• **WORK REQUIRED**: Each entry should be set down exactly as written, except for any picture it holds.

• **INPUT MATERIAL**:
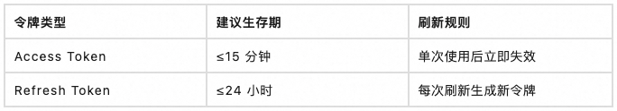 - 禁止明文存储:采用操作系统安全存储区或 HSM 加密
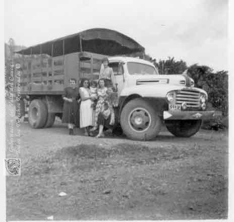 Familia Londoño Carvajal, de paseo en el camión de la familia. Pradera, fecha aproximada, 1950.
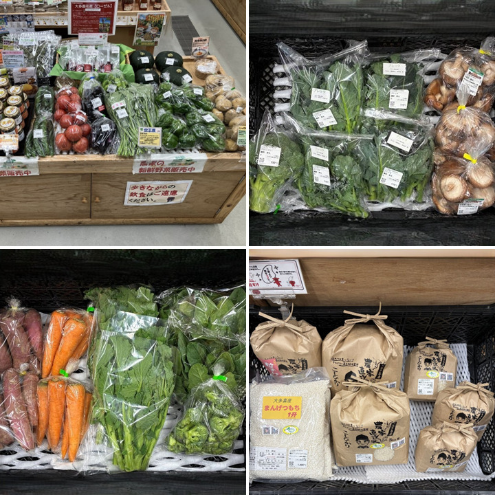 - 地元で採れた季節の新鮮な野菜やお米を販売しています。
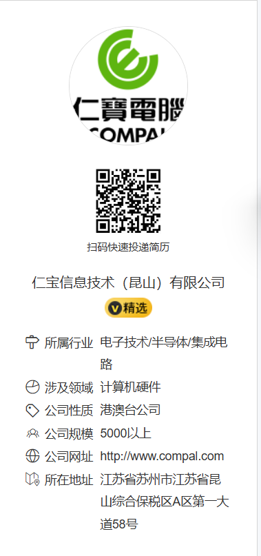仁宝信息技术(昆山)有限公司线上招聘 | 专科及以上学历
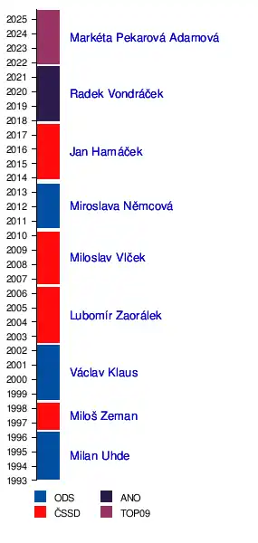 Milan Uhde | 1. ledna 1993[p. 1] | 6. června 1996 | 1252 | ODS | ODS, KDS, ODA, KDU-ČSL | |
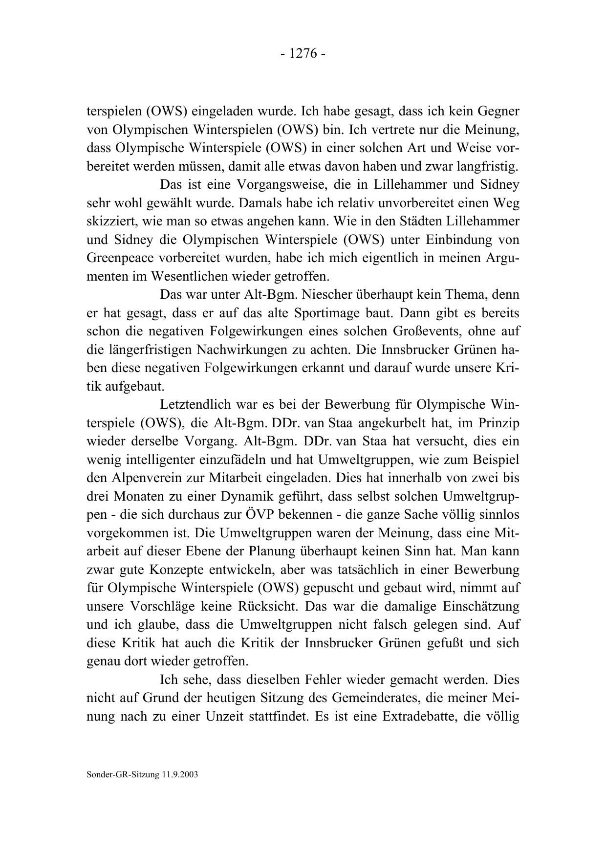 Letztendlich war es bei der Bewerbung für Olympische Winterspiele (OWS), die Alt-Bgm. DDr. van Staa angekurbelt hat, im Prinzip
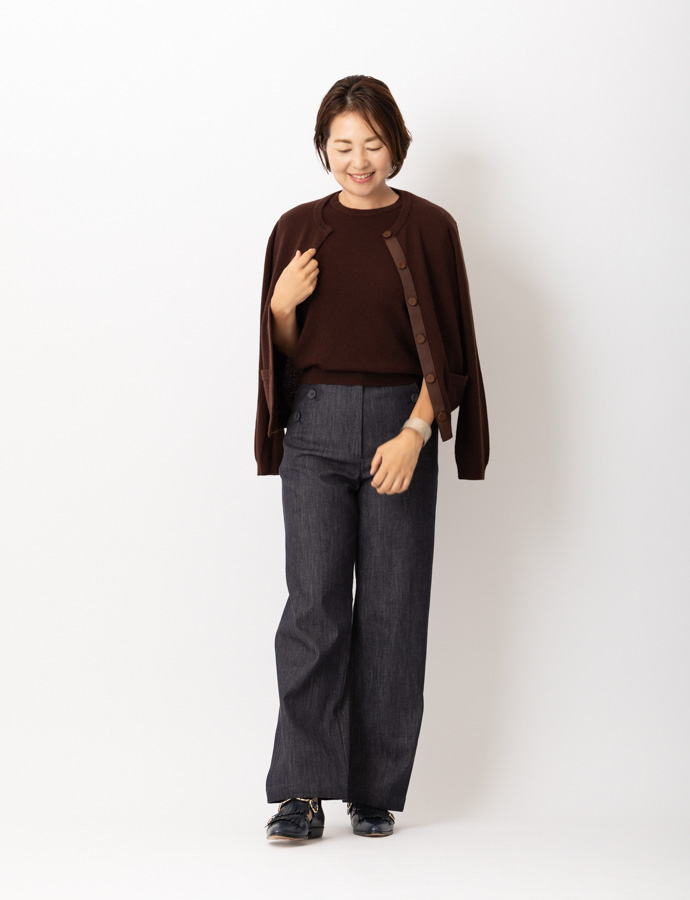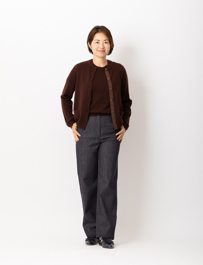 ボルドーに近い深みのあるマロンブラウンは、マダムHの得意カラー。
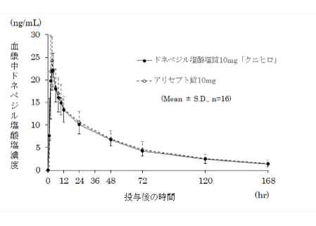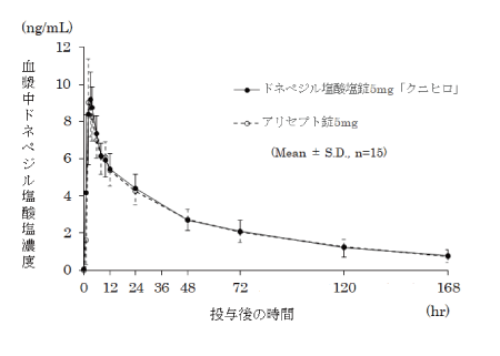 ドネペジル塩酸塩錠5mg「クニヒロ」とアリセプト錠5mg、又は、ドネペジル塩酸塩錠10mg「クニヒロ」とアリセプト錠10mgを、クロスオーバー法によりそれぞれ1錠(ドネペジル塩酸塩として5mg又は10mg)を健康成人男子に絶食下単回経口投与して血漿中未変化体濃度を測定し、得られた薬物動態パラメータ(AUC0→168hr、Cmax)について90%信頼区間法にて統計解析を行った結果、log(0.80)~log(1.25)の範囲内であり、両剤の生物学的同等性が確認された3),4)。
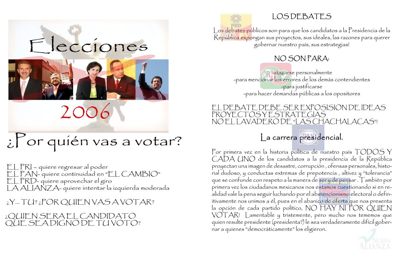 Este trabajo tiene algo de historia ya que antes de hacerlo un día mientras daba clases de ingles con mi niños me toco enseñarles los nombres de distintos lugar en la ciudad y en eso nos toco que la corte (que en español seria como los juzgados) y ese día tuve me espante ya que al tratarles de explicarles el sistema “legal” en estados unidos y es cuando vi que ninguno de ellos creían en la política ni que México podría salir del hoyo de donde estaban. Okay son solo niños pero de ahí pude notar mucho de lo que sus propios padres piensa y los valores que les están pasando desde chicos. Lastima que no pude platicar mas con ellos y darles a entender que en ellos esta, y que si ellos cuando sean grandes se esfuerzan México podría cambiar pero bueno.
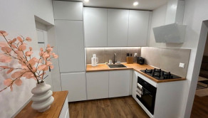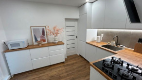 Byt je kompletne zariadený – nové príbory, taniere, umývačka riadu, kávovar, mikrovlnná rúra a ďalšie vybavenie.
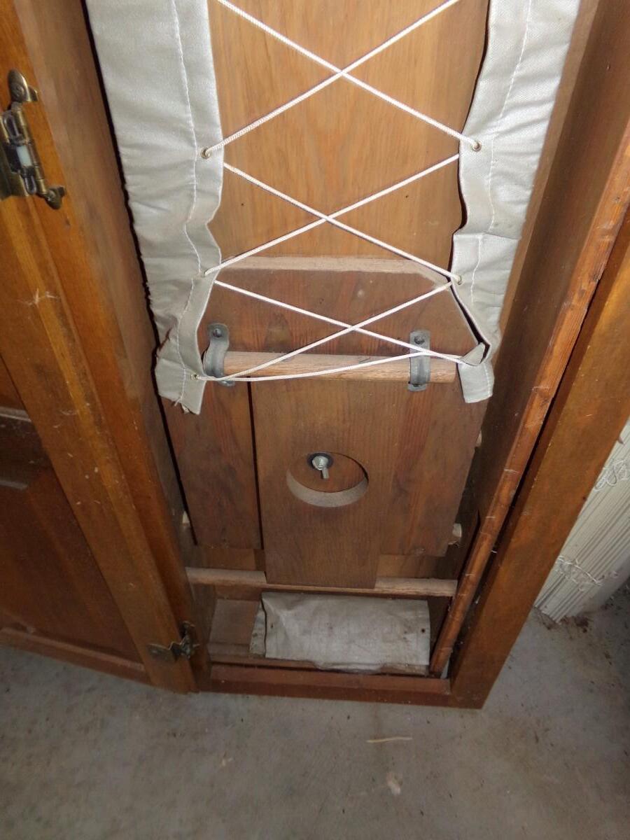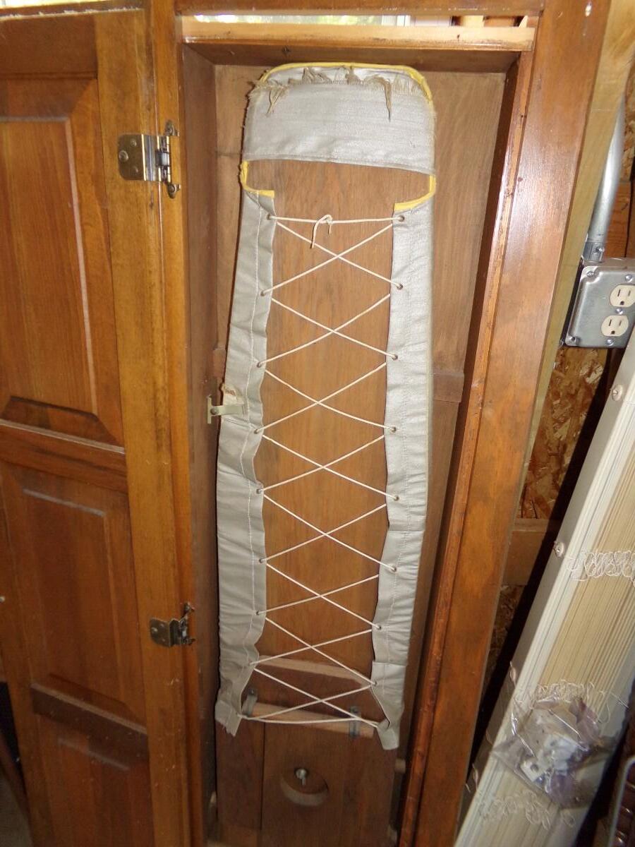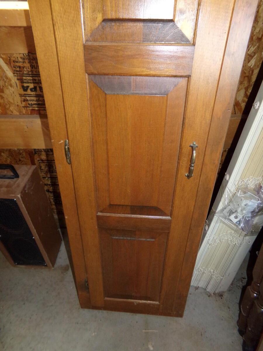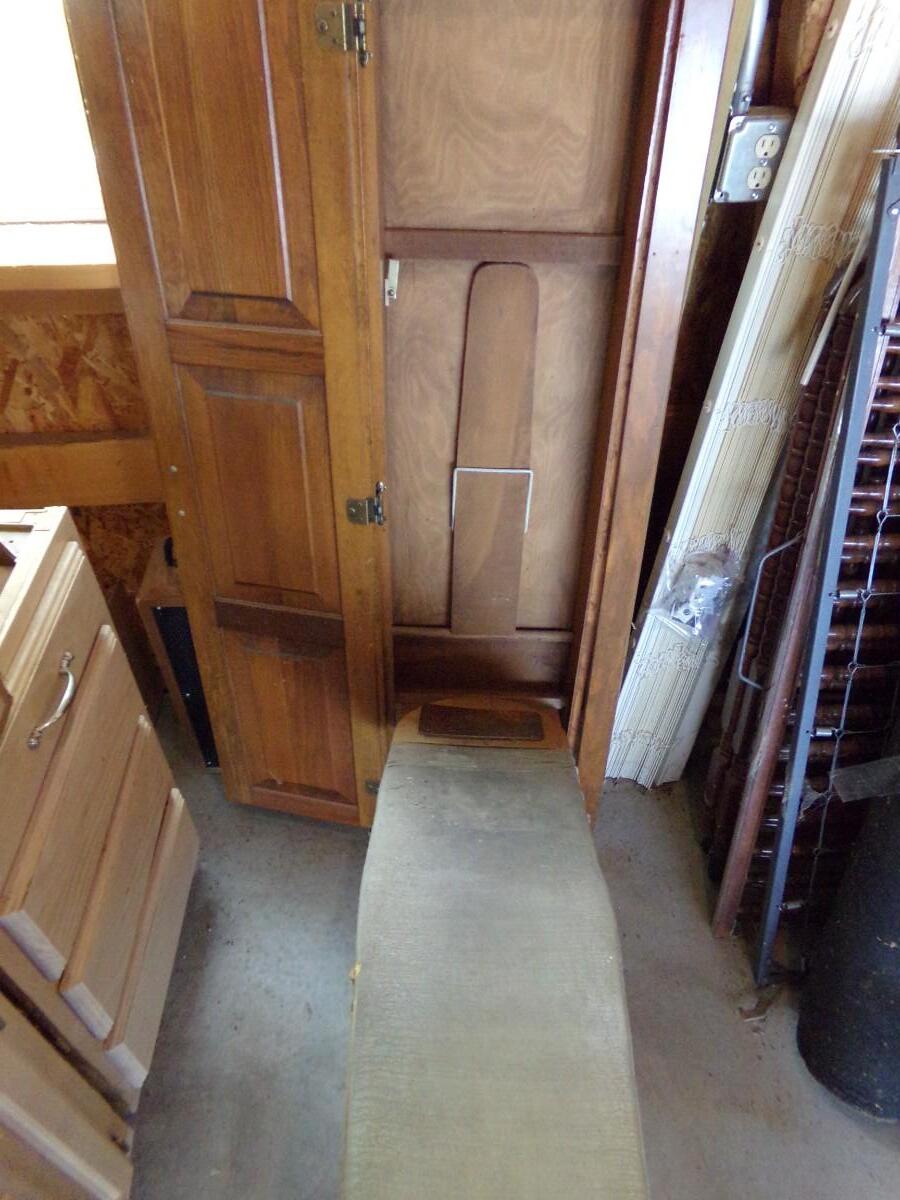 WOODEN CABINET WITH HIDDEN IRONING BOARD.
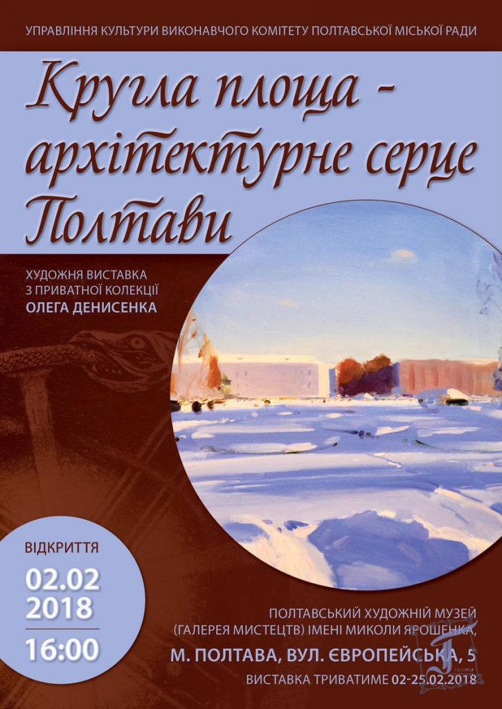 Відомий в Полтаві колекціонер і меценат Олег Денисенко започаткував проект з увічнення ансамблю Круглої площі, показавши його минувшину і сьогодення, відображені у картинах, листівках і фотографіях. Автор запропонував взяти участь у проекті художникам-полтавцям і зобразити будівлі так, як вони їх бачать, – у притаманному кожному стилі, у своїй техніці, вклавши в роботи зібрані роками враження і подих сьогодення. При цьому кожен митець отримував повну свободу творчості і вдосталь часу для втілення своїх задумів.
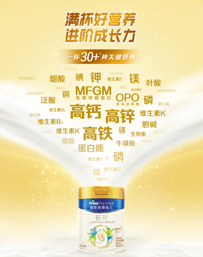 该配方包含30余种关键营养素,涵盖高钙、高铁、高锌及乳脂球膜蛋白MFGM等,全面满足3岁以上儿童成长所需。其中,天然OPO类似结构脂可提升钙与脂肪吸收效率,增强营养利用效果,为抵抗力构建奠定基础;产品未添加蔗糖与香精,口感清淡,符合儿童饮食偏好。
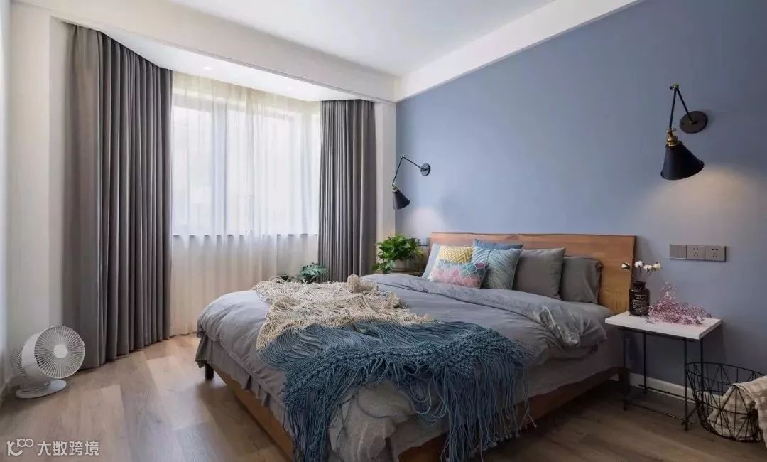 由于蓝色有助于睡眠,所以装修的时候果断选了蓝灰色的背景。整体效果不错。
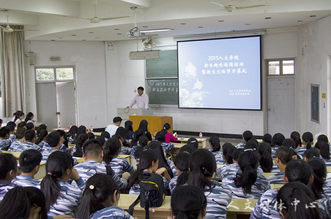 10月8日下午,人文学院2015级新生趣味游园活动暨新生文体节开幕式在A3大教室举行。学院党总支副书记吴世永致辞,辅导员、新生班主任出席,学院全体新生统一穿着迷彩服参加。
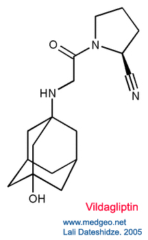 ვილდაგლიპტინი. Vildagliptin. ბრუტო–ფორმულა: C17H25N3O2. ვილდაგლიპტინს მიაკუთვნებენ ჰიპოგლიკემიური სინთეთიკური და სხვა საშუალებების ჯგუფს. CAS-კოდი: 274901-16-5.
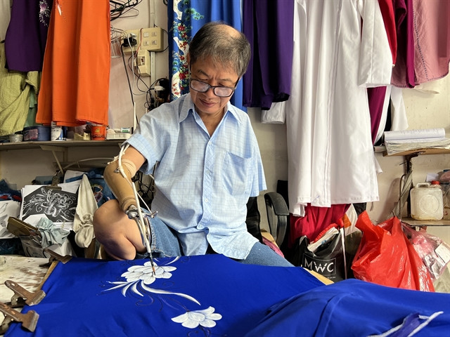 It is hard to believe that the creator of thousands of paintings on shirts and áo dài (traditional dress) is a man who had to have one leg and both hands amputated.
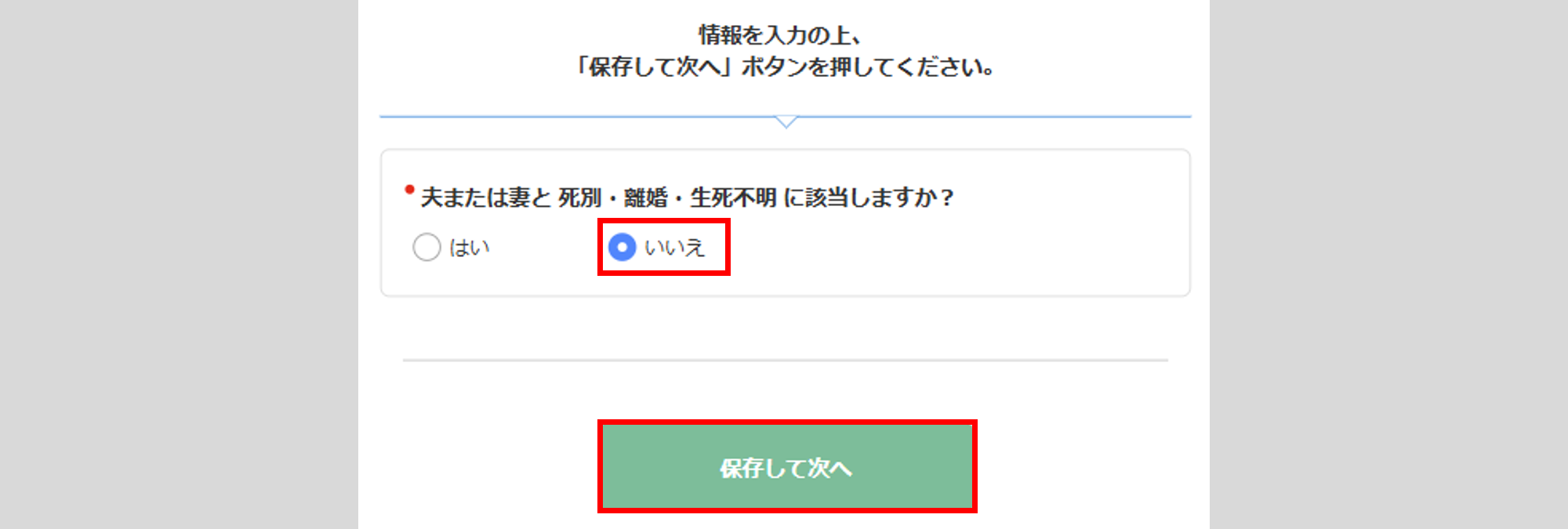 [変更あり]をクリックした場合、「夫または妻と 死別・離婚・生死不明 に該当しますか?」と表示されます。
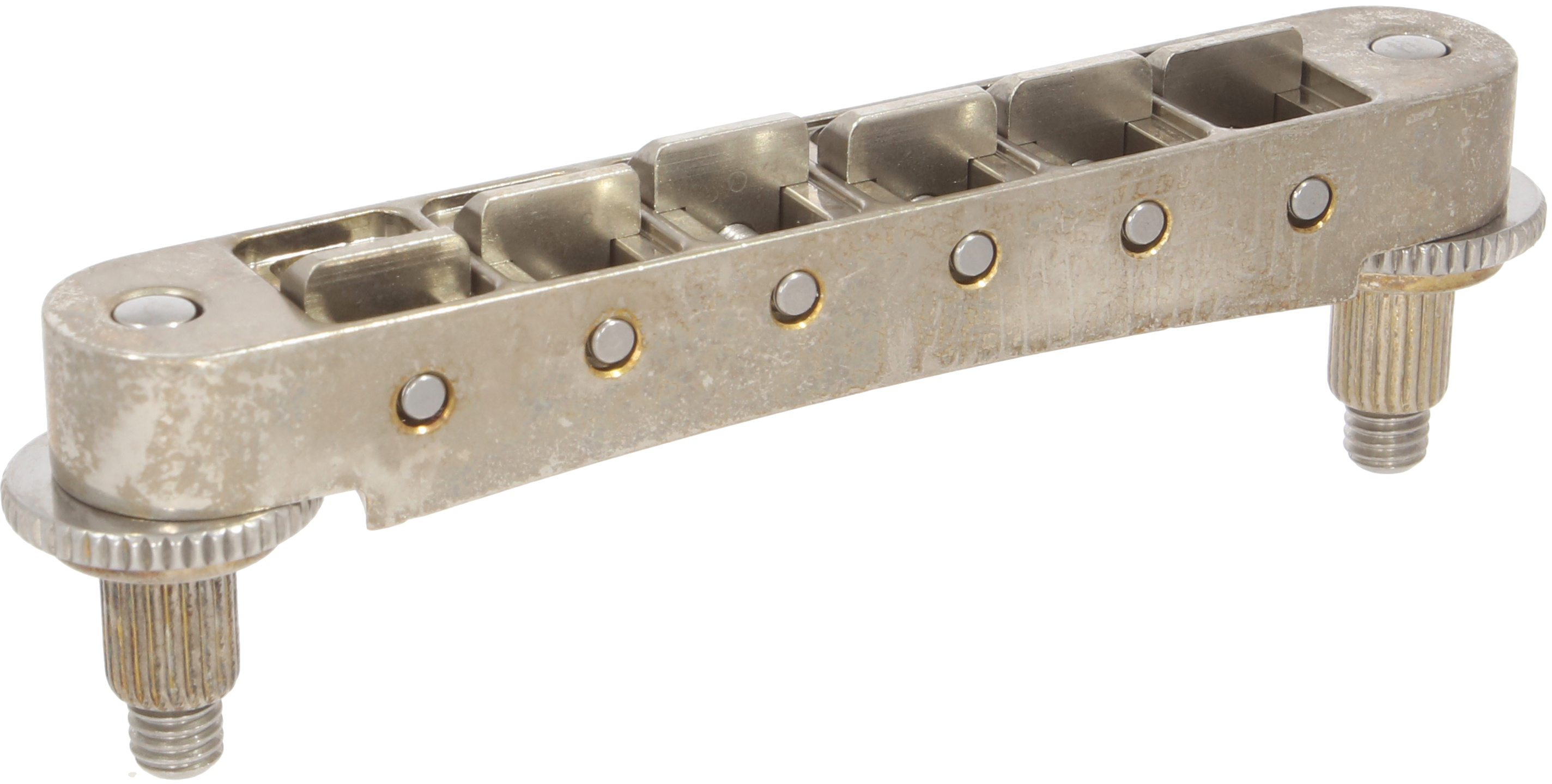 Nashville T.O.M. with extended Intonation range. String spacing 52mm, bolt spacing 74mm, 12 inch radius, milled from solid Bell Brass. Nickel Aged.

• **REPLY TO THE EXERCISE**:
 - 禁止明文存储:采用操作系统安全存储区或 HSM 加密
 Familia Londoño Carvajal, de paseo en el camión de la familia. Pradera, fecha aproximada, 1950.
 - 地元で採れた季節の新鮮な野菜やお米を販売しています。
仁宝信息技术(昆山)有限公司线上招聘 | 专科及以上学历
 Milan Uhde | 1. ledna 1993[p. 1] | 6. června 1996 | 1252 | ODS | ODS, KDS, ODA, KDU-ČSL | |
 Letztendlich war es bei der Bewerbung für Olympische Winterspiele (OWS), die Alt-Bgm. DDr. van Staa angekurbelt hat, im Prinzip
 ボルドーに近い深みのあるマロンブラウンは、マダムHの得意カラー。
 ドネペジル塩酸塩錠5mg「クニヒロ」とアリセプト錠5mg、又は、ドネペジル塩酸塩錠10mg「クニヒロ」とアリセプト錠10mgを、クロスオーバー法によりそれぞれ1錠(ドネペジル塩酸塩として5mg又は10mg)を健康成人男子に絶食下単回経口投与して血漿中未変化体濃度を測定し、得られた薬物動態パラメータ(AUC0→168hr、Cmax)について90%信頼区間法にて統計解析を行った結果、log(0.80)~log(1.25)の範囲内であり、両剤の生物学的同等性が確認された3),4)。
 Este trabajo tiene algo de historia ya que antes de hacerlo un día mientras daba clases de ingles con mi niños me toco enseñarles los nombres de distintos lugar en la ciudad y en eso nos toco que la corte (que en español seria como los juzgados) y ese día tuve me espante ya que al tratarles de explicarles el sistema “legal” en estados unidos y es cuando vi que ninguno de ellos creían en la política ni que México podría salir del hoyo de donde estaban. Okay son solo niños pero de ahí pude notar mucho de lo que sus propios padres piensa y los valores que les están pasando desde chicos. Lastima que no pude platicar mas con ellos y darles a entender que en ellos esta, y que si ellos cuando sean grandes se esfuerzan México podría cambiar pero bueno.
 Byt je kompletne zariadený – nové príbory, taniere, umývačka riadu, kávovar, mikrovlnná rúra a ďalšie vybavenie.
 WOODEN CABINET WITH HIDDEN IRONING BOARD.
 Відомий в Полтаві колекціонер і меценат Олег Денисенко започаткував проект з увічнення ансамблю Круглої площі, показавши його минувшину і сьогодення, відображені у картинах, листівках і фотографіях. Автор запропонував взяти участь у проекті художникам-полтавцям і зобразити будівлі так, як вони їх бачать, – у притаманному кожному стилі, у своїй техніці, вклавши в роботи зібрані роками враження і подих сьогодення. При цьому кожен митець отримував повну свободу творчості і вдосталь часу для втілення своїх задумів.
 该配方包含30余种关键营养素,涵盖高钙、高铁、高锌及乳脂球膜蛋白MFGM等,全面满足3岁以上儿童成长所需。其中,天然OPO类似结构脂可提升钙与脂肪吸收效率,增强营养利用效果,为抵抗力构建奠定基础;产品未添加蔗糖与香精,口感清淡,符合儿童饮食偏好。
 由于蓝色有助于睡眠,所以装修的时候果断选了蓝灰色的背景。整体效果不错。
 10月8日下午,人文学院2015级新生趣味游园活动暨新生文体节开幕式在A3大教室举行。学院党总支副书记吴世永致辞,辅导员、新生班主任出席,学院全体新生统一穿着迷彩服参加。
 ვილდაგლიპტინი. Vildagliptin. ბრუტო–ფორმულა: C17H25N3O2. ვილდაგლიპტინს მიაკუთვნებენ ჰიპოგლიკემიური სინთეთიკური და სხვა საშუალებების ჯგუფს. CAS-კოდი: 274901-16-5.
 It is hard to believe that the creator of thousands of paintings on shirts and áo dài (traditional dress) is a man who had to have one leg and both hands amputated.
 [変更あり]をクリックした場合、「夫または妻と 死別・離婚・生死不明 に該当しますか?」と表示されます。
 Nashville T.O.M. with extended Intonation range. String spacing 52mm, bolt spacing 74mm, 12 inch radius, milled from solid Bell Brass. Nickel Aged.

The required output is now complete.